Sarcoidosis with Arteriovenous Malformation in a 15-Year-Old Girl - The Rarest of the Rare.

Frontiers in pediatrics

Iman Qaiser, Kanwal Nayani, Shakeel Ahmed, Rehan Ali, Mehnaz Atiq

Affiliations

  1. Medical College, Aga Khan University , Karachi , Pakistan.
  2. Department of Pediatrics, Aga Khan University , Karachi , Pakistan.

PMID: 26442237 PMCID: PMC4585201 DOI: 10.3389/fped.2015.00077

Abstract

INTRODUCTION: Sarcoidosis is an uncommon multi-system disorder with many possible complications. Arteriovenous malformations (AVMs) are a rare vascular complication of sarcoidosis.

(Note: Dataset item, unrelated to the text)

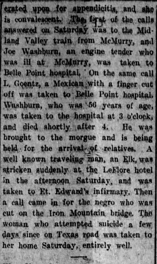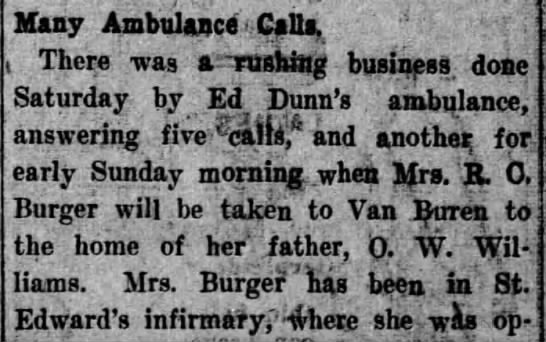 names mentioned:Dunn, Burger, Williams, McMurry, Washburn, Goentz,

CASE DESCRIPTION: A 15-year-old girl presented to the Pediatric Clinic at AKUH with pulmonary, hepatic, joint, and skin manifestations. Physical examination and investigations pointed toward sarcoidosis, including raised erythrocyte sedimentation rate, angiotensin converting enzyme (ACE), and alanine transaminase (ALT). An incidental finding of pulmonary arteriovenous malformation (PAVM) was noticed on echocardiography. She responded to oral corticosteroids, her ACE and ALT levels improved. There was lack of indication for pulmonary angio-embolization for her PAVM. On a 3-year follow-up, her condition improved and she is clinically well.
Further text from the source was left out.